There are three separate aspects to this:
* Any new boolean column must be added to the `BOOLEAN_COLUMNS` list in
`synapse/_scripts/synapse_port_db.py`. This tells the port script to cast
the integer value from SQLite to a boolean before writing the value to the
postgres database.
* Before SQLite 3.23, `TRUE` and `FALSE` were not recognised as constants by
SQLite, and the `IS [NOT] TRUE`/`IS [NOT] FALSE` operators were not
supported. This makes it necessary to avoid using `TRUE` and `FALSE`
constants in SQL commands.
For example, to insert a `TRUE` value into the database, write:
```python
txn.execute("INSERT INTO tbl(col) VALUES (?)", (True, ))
```
* Default values for new boolean columns present a particular
difficulty. Generally it is best to create separate schema files for
Postgres and SQLite. For example:
```sql
# in 00delta.sql.postgres:
ALTER TABLE tbl ADD COLUMN col BOOLEAN DEFAULT FALSE;
```
```sql
# in 00delta.sql.sqlite:
ALTER TABLE tbl ADD COLUMN col BOOLEAN DEFAULT 0;
```
Note that there is a particularly insidious failure mode here: the Postgres
flavour will be accepted by SQLite 3.22, but will give a column whose
default value is the **string** `"FALSE"` - which, when cast back to a boolean
in Python, evaluates to `True`.
## `event_id` global uniqueness
`event_id`'s can be considered globally unique although there has been a lot of
debate on this topic in places like
[MSC2779](https://github.com/matrix-org/matrix-spec-proposals/issues/2779) and
[MSC2848](https://github.com/matrix-org/matrix-spec-proposals/pull/2848) which
has no resolution yet (as of 2022-09-01). There are several places in Synapse
and even in the Matrix APIs like [`GET
/_matrix/federation/v1/event/{eventId}`](https://spec.matrix.org/v1.1/server-server-api/#get_matrixfederationv1eventeventid)

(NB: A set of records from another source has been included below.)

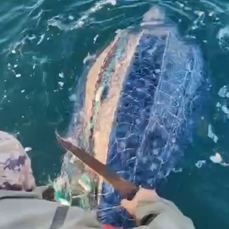 Вчера в бухте Разбойник в сетях запуталась черепаха. Рыбаки распутали её и отпустили. Видео с моментом освобождения опубликовал канал новостей Уссурийска.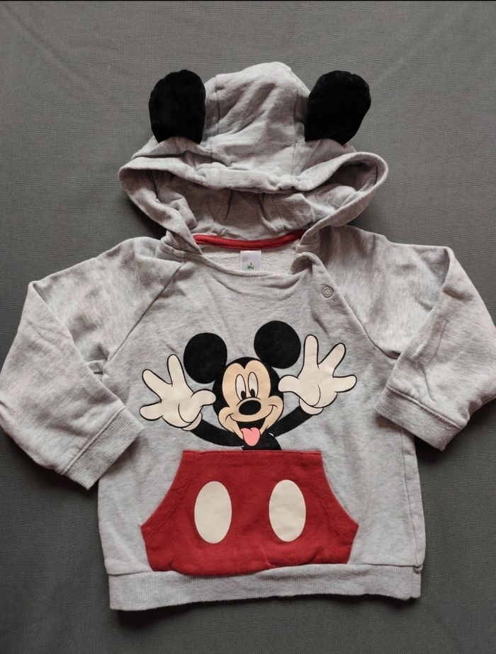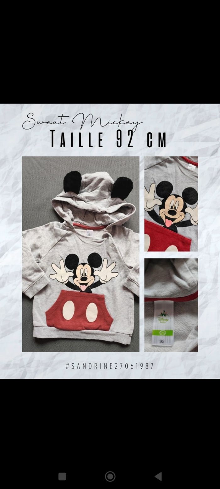 🧸Détail du vêtement 🧸 Sweat Mickey gris. Molletonné. Oreille en velours. Très bon état. Taille 92 cm mais je mets en 86 cm car taille petit.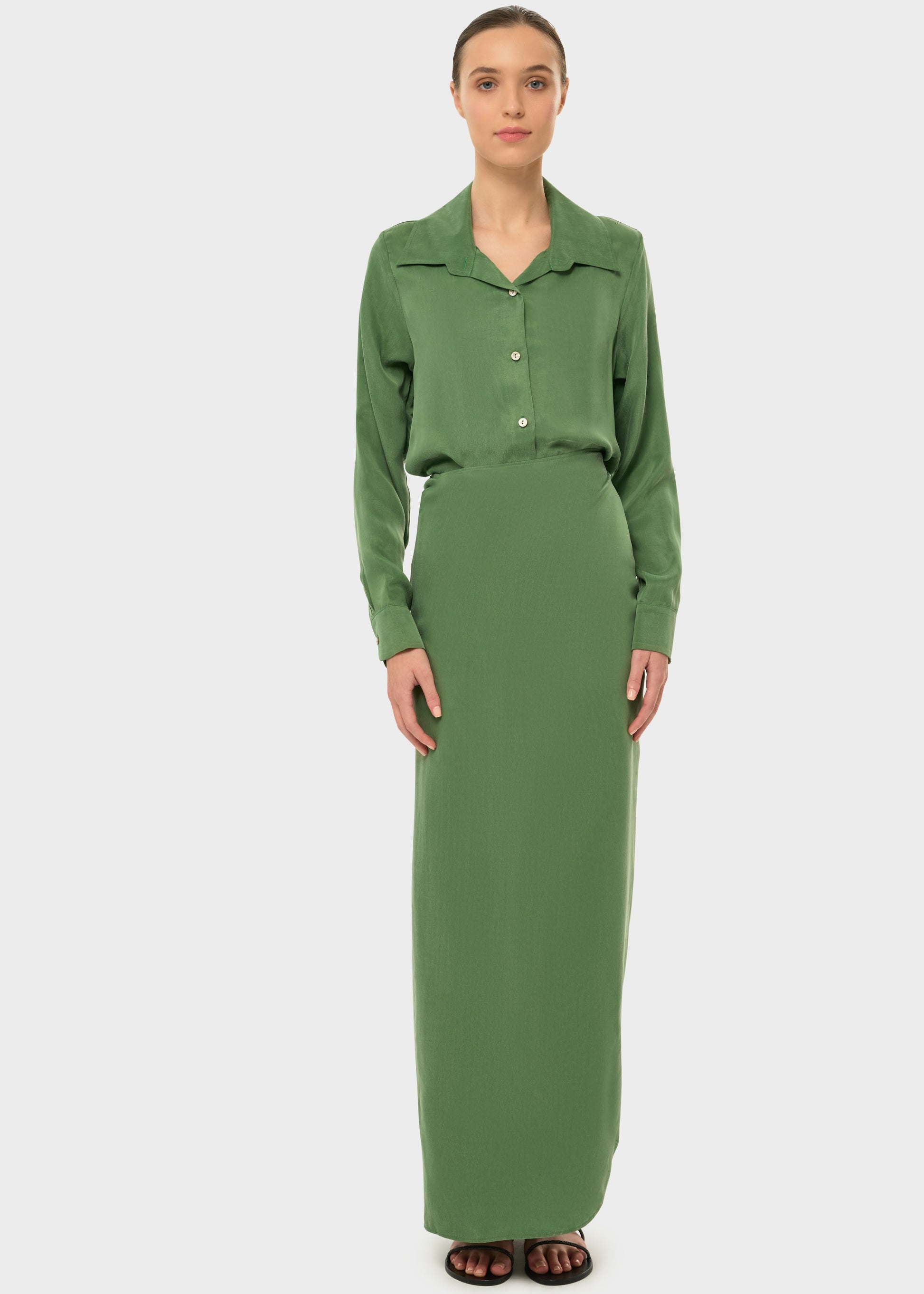 The Shirt Wrap Dress is a chic fusion of classic and contemporary style, perfect for the modern wardrobe. The top features a long-sleeve button-down design, offering a polished and timeless look, while the bottom transitions into a stylish tie-wrap skirt that adds a playful and feminine touch. The versatile top can be tucked into the skirt for a seamless silhouette or tied in the front for a more relaxed, casual vibe.

where we assume that event IDs are globally unique.
When scoping `event_id` in a database schema, it is often nice to accompany it
with `room_id` (`PRIMARY KEY (room_id, event_id)` and a `FOREIGN KEY(room_id)
REFERENCES rooms(room_id)`) which makes flexible lookups easy. For example it
makes it very easy to find and clean up everything in a room when it needs to be
purged (no need to use sub-`select` query or join from the `events` table).
A note on collisions: In room versions `1` and `2` it's possible to end up with
two events with the same `event_id` (in the same or different rooms). After room
version `3`, that can only happen with a hash collision, which we basically hope
will never happen (SHA256 has a massive big key space).